■ **Exercise data**
------------------------------------------------------------

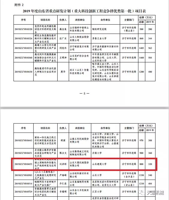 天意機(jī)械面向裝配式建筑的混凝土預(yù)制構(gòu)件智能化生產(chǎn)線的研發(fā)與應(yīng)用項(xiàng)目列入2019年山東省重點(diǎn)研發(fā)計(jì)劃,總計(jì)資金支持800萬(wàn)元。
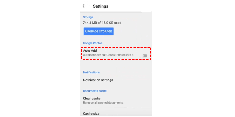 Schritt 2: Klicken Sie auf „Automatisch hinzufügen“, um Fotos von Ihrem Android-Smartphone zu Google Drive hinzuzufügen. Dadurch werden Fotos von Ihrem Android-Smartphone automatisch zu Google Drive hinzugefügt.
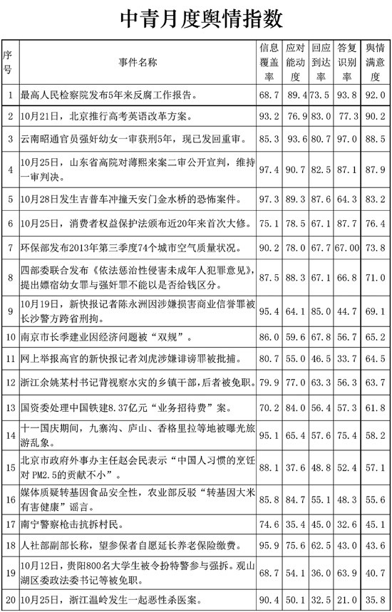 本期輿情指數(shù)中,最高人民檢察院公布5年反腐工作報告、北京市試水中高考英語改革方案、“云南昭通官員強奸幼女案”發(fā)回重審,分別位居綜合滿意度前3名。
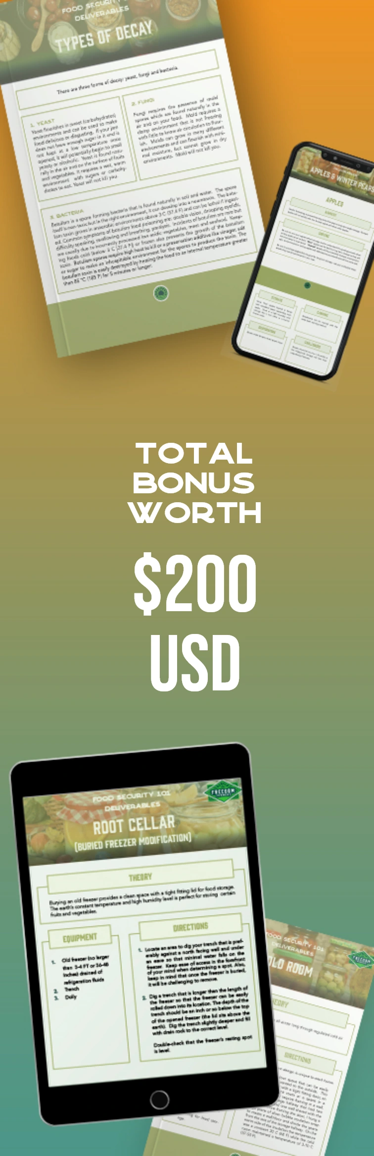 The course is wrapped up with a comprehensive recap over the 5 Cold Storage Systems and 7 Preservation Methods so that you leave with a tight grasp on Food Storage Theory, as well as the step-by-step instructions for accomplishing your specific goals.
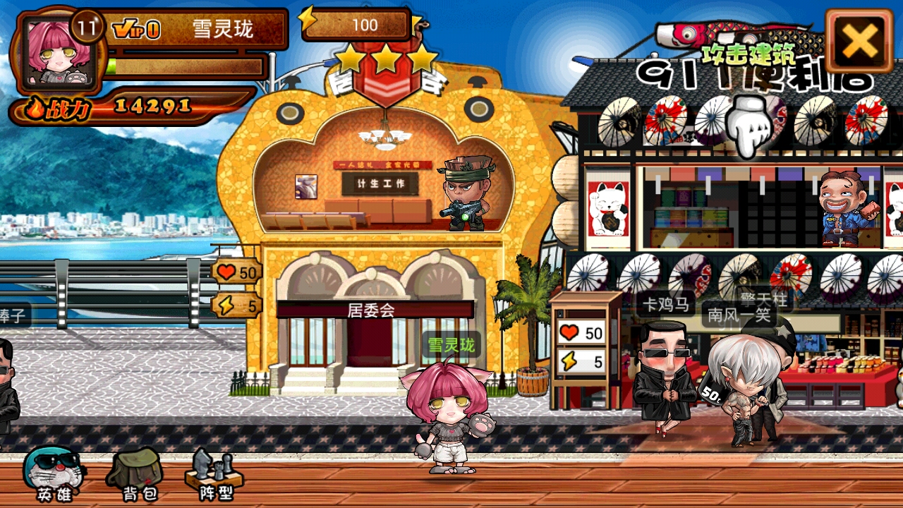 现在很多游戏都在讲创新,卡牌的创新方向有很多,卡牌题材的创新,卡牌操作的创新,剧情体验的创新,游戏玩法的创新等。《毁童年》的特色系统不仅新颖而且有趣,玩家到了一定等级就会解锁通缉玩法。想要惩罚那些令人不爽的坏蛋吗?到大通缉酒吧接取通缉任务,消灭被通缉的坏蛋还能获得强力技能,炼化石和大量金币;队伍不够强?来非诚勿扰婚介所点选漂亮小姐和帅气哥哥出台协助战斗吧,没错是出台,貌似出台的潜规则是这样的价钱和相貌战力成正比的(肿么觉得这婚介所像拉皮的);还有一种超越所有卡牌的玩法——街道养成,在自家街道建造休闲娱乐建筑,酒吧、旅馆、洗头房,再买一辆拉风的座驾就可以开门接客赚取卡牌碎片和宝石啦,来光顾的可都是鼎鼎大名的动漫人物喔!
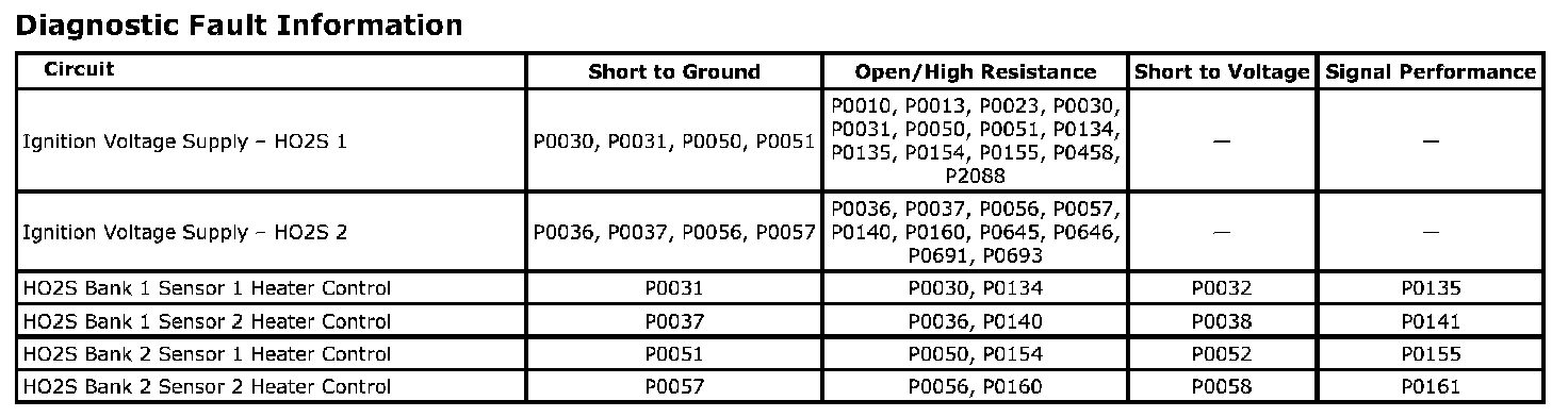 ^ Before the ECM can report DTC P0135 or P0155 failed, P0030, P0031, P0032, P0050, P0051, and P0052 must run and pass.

------------------------------------------------------------

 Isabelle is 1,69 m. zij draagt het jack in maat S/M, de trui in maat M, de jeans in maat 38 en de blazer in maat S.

------------------------------------------------------------

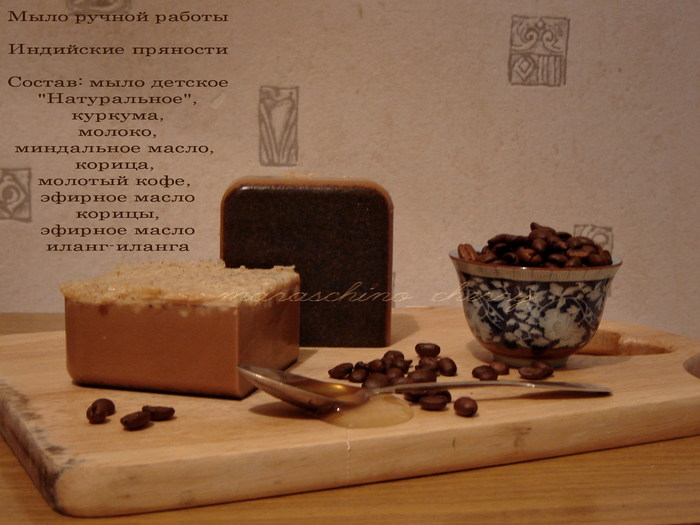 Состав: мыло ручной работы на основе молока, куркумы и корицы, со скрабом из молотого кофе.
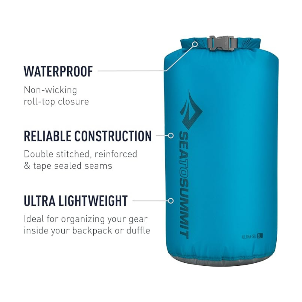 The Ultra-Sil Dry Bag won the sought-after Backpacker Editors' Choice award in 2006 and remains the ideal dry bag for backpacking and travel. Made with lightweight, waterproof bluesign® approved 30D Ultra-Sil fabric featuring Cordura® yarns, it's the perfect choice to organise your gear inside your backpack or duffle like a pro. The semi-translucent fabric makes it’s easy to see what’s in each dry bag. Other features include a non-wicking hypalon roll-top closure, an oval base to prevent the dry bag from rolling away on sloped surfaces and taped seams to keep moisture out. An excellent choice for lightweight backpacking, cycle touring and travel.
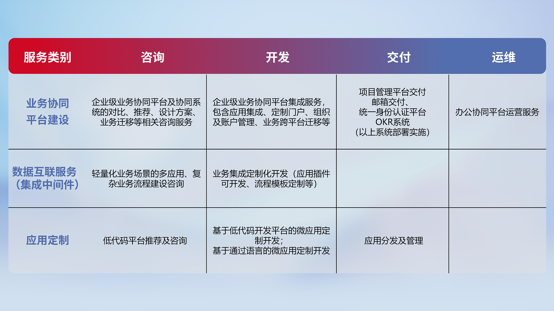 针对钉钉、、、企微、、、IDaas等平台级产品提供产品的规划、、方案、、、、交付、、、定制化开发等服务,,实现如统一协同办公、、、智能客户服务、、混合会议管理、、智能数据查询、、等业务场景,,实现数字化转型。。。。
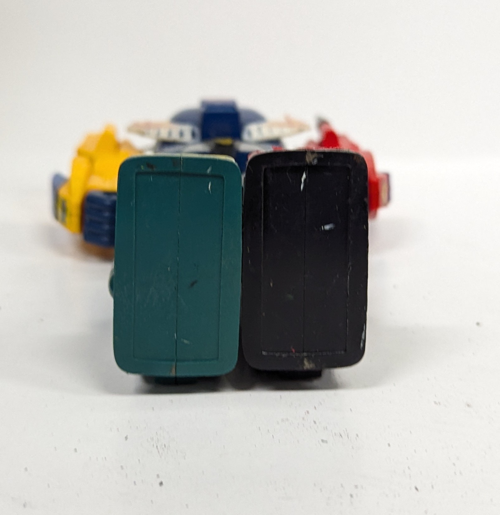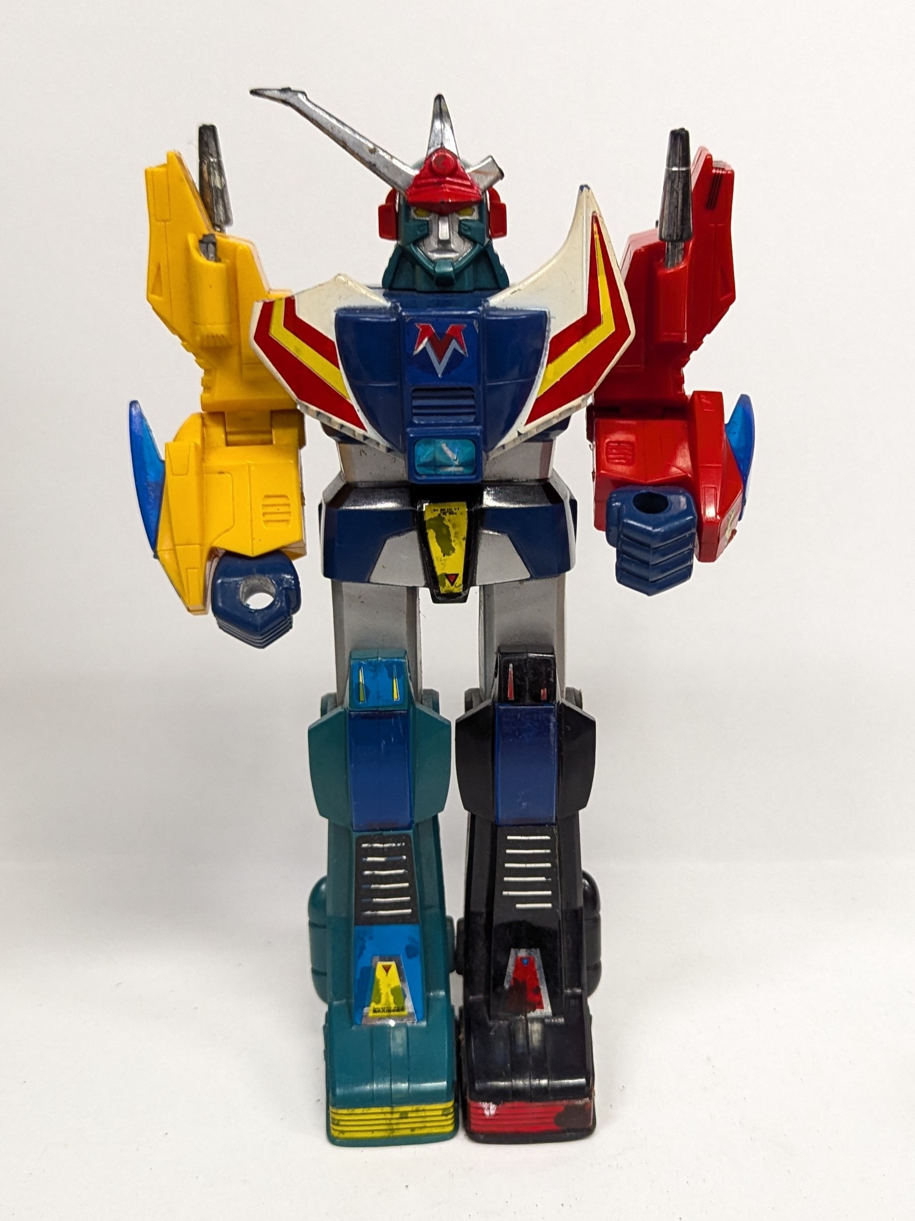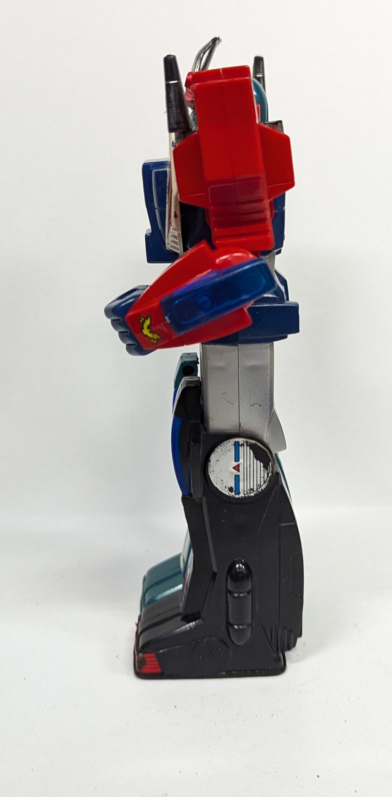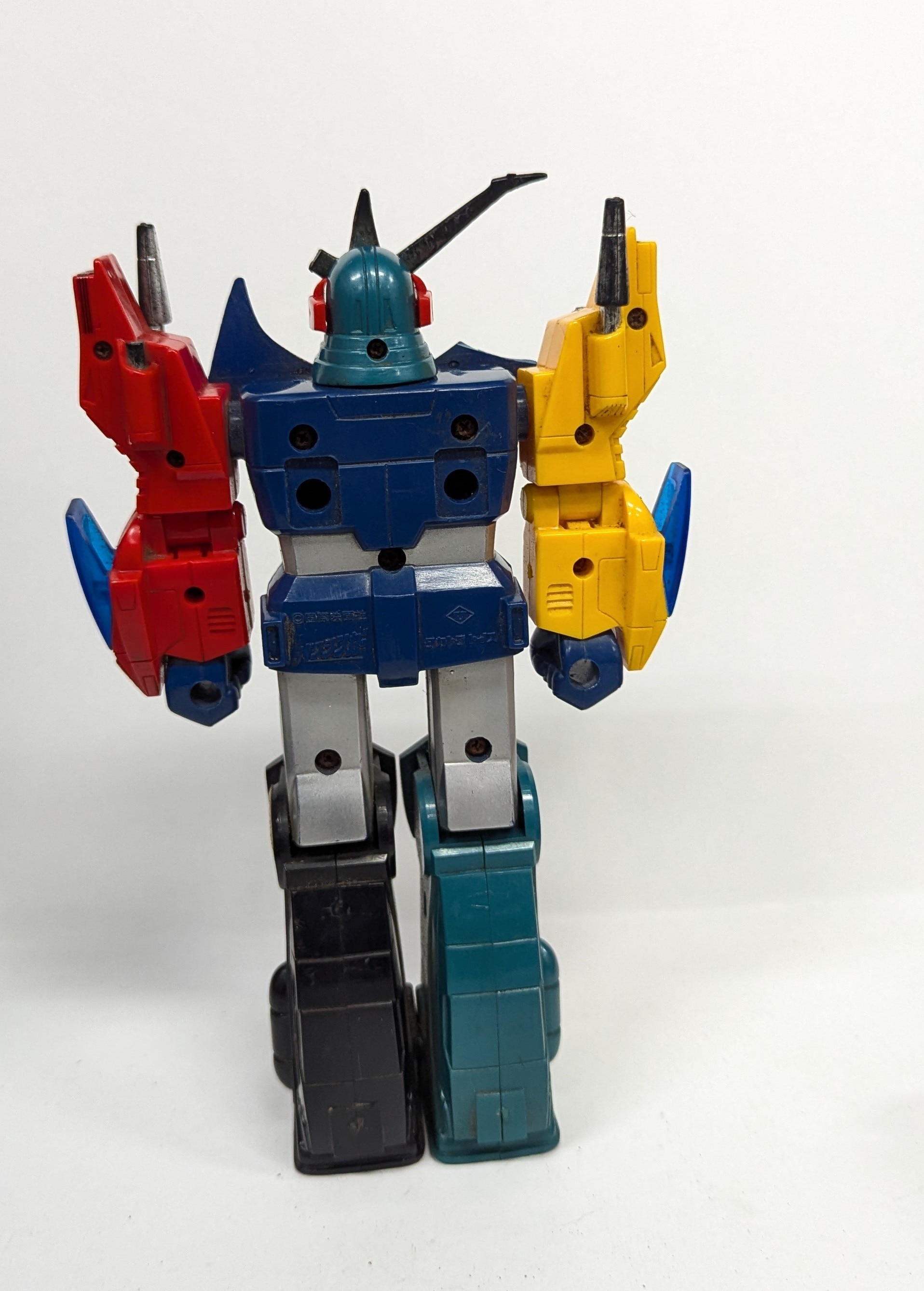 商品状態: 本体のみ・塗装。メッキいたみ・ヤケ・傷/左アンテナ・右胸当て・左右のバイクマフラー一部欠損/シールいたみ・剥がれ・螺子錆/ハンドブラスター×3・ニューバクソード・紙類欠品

------------------------------------------------------------

■ **Task goal**
In the entries above, which lines run from the one with "Schritt 2: Klicken" up to and including the one with "The course is"? Write them out exactly, without the pictures.

■ **Task answer**
 Schritt 2: Klicken Sie auf „Automatisch hinzufügen“, um Fotos von Ihrem Android-Smartphone zu Google Drive hinzuzufügen. Dadurch werden Fotos von Ihrem Android-Smartphone automatisch zu Google Drive hinzugefügt.
 本期輿情指數(shù)中,最高人民檢察院公布5年反腐工作報告、北京市試水中高考英語改革方案、“云南昭通官員強奸幼女案”發(fā)回重審,分別位居綜合滿意度前3名。
 The course is wrapped up with a comprehensive recap over the 5 Cold Storage Systems and 7 Preservation Methods so that you leave with a tight grasp on Food Storage Theory, as well as the step-by-step instructions for accomplishing your specific goals.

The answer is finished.